PROBLEM => Omit all pictures, then retype the data exactly as given.

┌────────

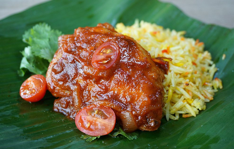 | Tomato Chicken Curry, or Ayam Masak Merah, is a favorite Malaysian. Fried chicken finished in a rich tomato and coconut milk curry sauce. |
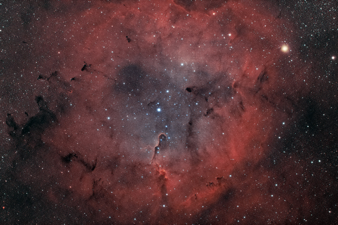 The Elephant's Trunk, (bottom) is a concentration of interstellar gas and dust within the much larger ionized gas region IC 1396, located in the constellation Cepheus about 2,400 light years away from Earth.
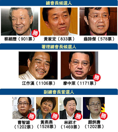 至于引起10角大混戰(zhàn)的副總會(huì)長(zhǎng)職,隸屬蔡細(xì)歷派,尋求蟬聯(lián)的黃燕燕此次以高票成功捍衛(wèi)原職,也是最高票副總會(huì)長(zhǎng)。而選前被視為“左右縫源”的前副總會(huì)長(zhǎng)林祥才則位居第二,黃家定派的曹智雄及翁詩(shī)杰派的顏炳壽則同樣雙雙擠入副總會(huì)長(zhǎng)行列,而顏炳壽的入圍更被視為是“黑馬”。
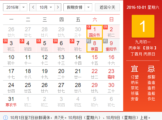 10月1日至7日放假調休,共7天。10月8日(星期六)、10月9日(星期天)上班。
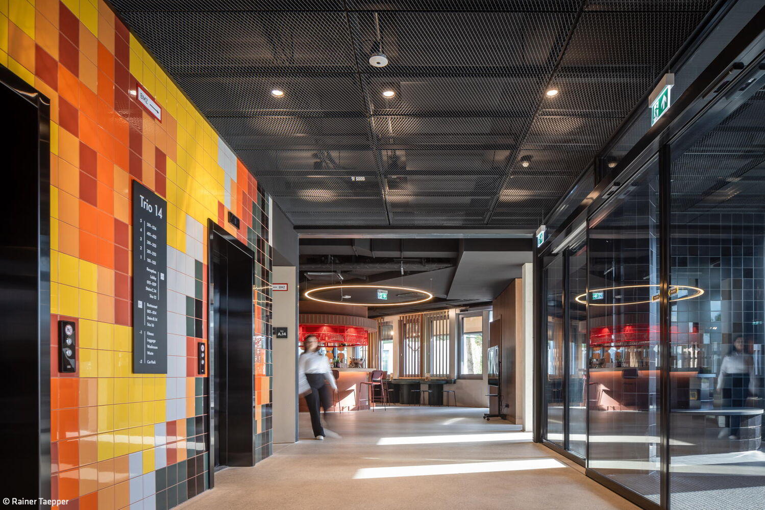Eine Bewegungsachse erschließt den eingeschossigen, abgewinkelten Baukörper und verbindet die Gruppenräume und gemeinsamen Aufenthaltsflächen. Im Zentrum liegt dort ein offener „Marktplatz“ – ein Gemeinschaftsraum und Treffpunkt mit integriertem Frühstücks- und Spielbereich. Ganz wichtig dabei: Sämtliche Aufenthaltsräume sind zum Park hin orientiert. Mehr als 6.500 m² stehen den Kindern zudem als Spielfläche im Außenbereich zur Verfügung. Neben einem befestigten Innenhof gibt es eine Wiese, einen Spielplatz sowie einen weitläufigen, naturbelassenen Abenteuerspielraum. Das Familienzentrum Hippolytusgarten ist Teil eines neuen Ensembles, zu dem das nördlich angrenzende Kirchengebäude St. Hippolytus und das ebenfalls von Atelier Brückner geplante Gemeindezentrum Hippolytushaus gehören.
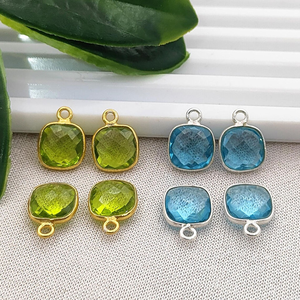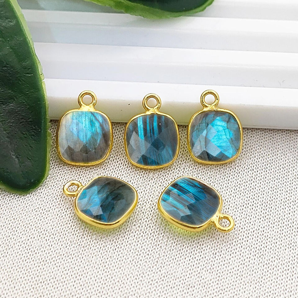 Pink Chalcedony 8mm Cushion Charms 925 Sterling Silver Bezel Set Pendant Gold Plated Chalcedony Charms For Jewelry Making Charms
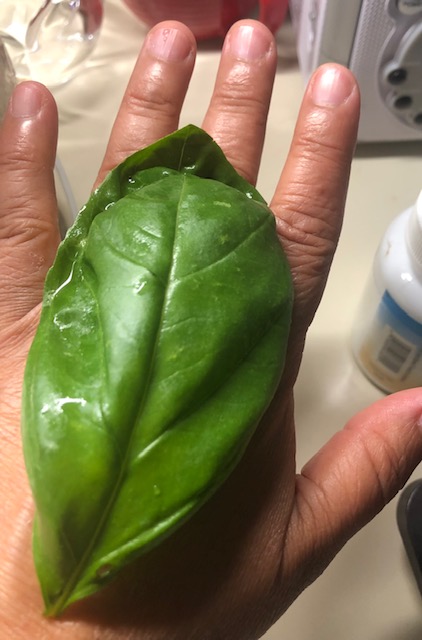 Simple ingredients: Sliced tomato, sliced mozzarella, and fresh basil leaves. Look at the size of my basil leaves!
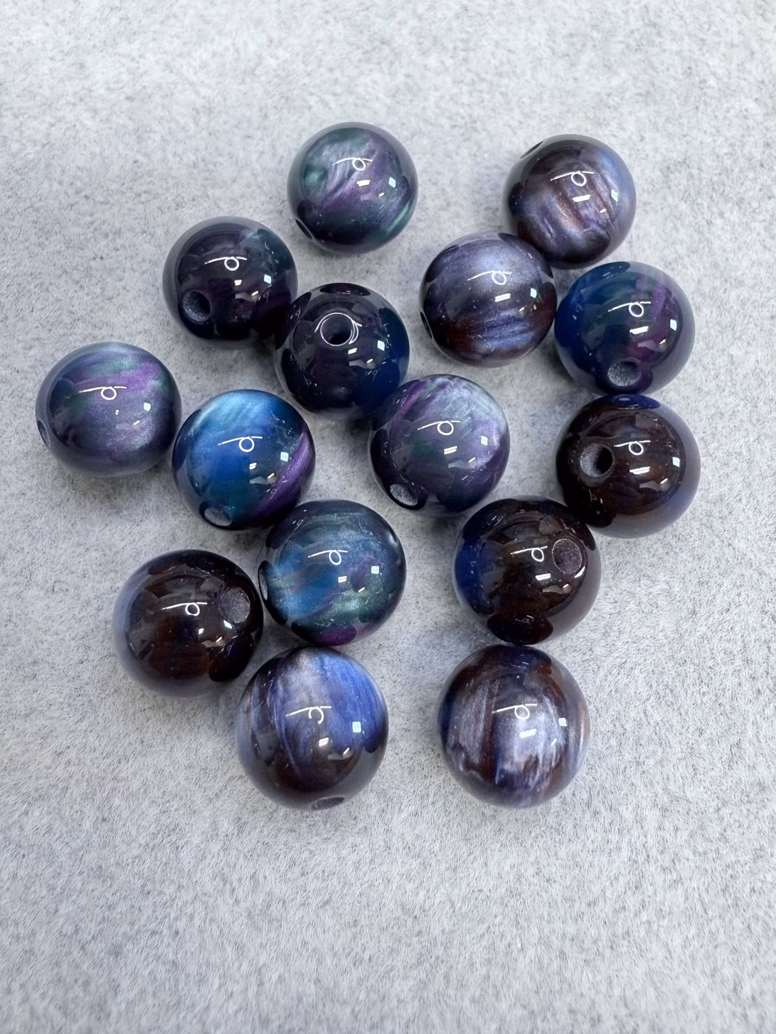 Swirl Blå/Lila 12mm Akrylpärla, 6st

└────────

ANSWER =>
 | Tomato Chicken Curry, or Ayam Masak Merah, is a favorite Malaysian. Fried chicken finished in a rich tomato and coconut milk curry sauce. |
 The Elephant's Trunk, (bottom) is a concentration of interstellar gas and dust within the much larger ionized gas region IC 1396, located in the constellation Cepheus about 2,400 light years away from Earth.
 至于引起10角大混戰(zhàn)的副總會(huì)長(zhǎng)職,隸屬蔡細(xì)歷派,尋求蟬聯(lián)的黃燕燕此次以高票成功捍衛(wèi)原職,也是最高票副總會(huì)長(zhǎng)。而選前被視為“左右縫源”的前副總會(huì)長(zhǎng)林祥才則位居第二,黃家定派的曹智雄及翁詩(shī)杰派的顏炳壽則同樣雙雙擠入副總會(huì)長(zhǎng)行列,而顏炳壽的入圍更被視為是“黑馬”。
 10月1日至7日放假調休,共7天。10月8日(星期六)、10月9日(星期天)上班。
Eine Bewegungsachse erschließt den eingeschossigen, abgewinkelten Baukörper und verbindet die Gruppenräume und gemeinsamen Aufenthaltsflächen. Im Zentrum liegt dort ein offener „Marktplatz“ – ein Gemeinschaftsraum und Treffpunkt mit integriertem Frühstücks- und Spielbereich. Ganz wichtig dabei: Sämtliche Aufenthaltsräume sind zum Park hin orientiert. Mehr als 6.500 m² stehen den Kindern zudem als Spielfläche im Außenbereich zur Verfügung. Neben einem befestigten Innenhof gibt es eine Wiese, einen Spielplatz sowie einen weitläufigen, naturbelassenen Abenteuerspielraum. Das Familienzentrum Hippolytusgarten ist Teil eines neuen Ensembles, zu dem das nördlich angrenzende Kirchengebäude St. Hippolytus und das ebenfalls von Atelier Brückner geplante Gemeindezentrum Hippolytushaus gehören.
 Pink Chalcedony 8mm Cushion Charms 925 Sterling Silver Bezel Set Pendant Gold Plated Chalcedony Charms For Jewelry Making Charms
 Simple ingredients: Sliced tomato, sliced mozzarella, and fresh basil leaves. Look at the size of my basil leaves!
 Swirl Blå/Lila 12mm Akrylpärla, 6st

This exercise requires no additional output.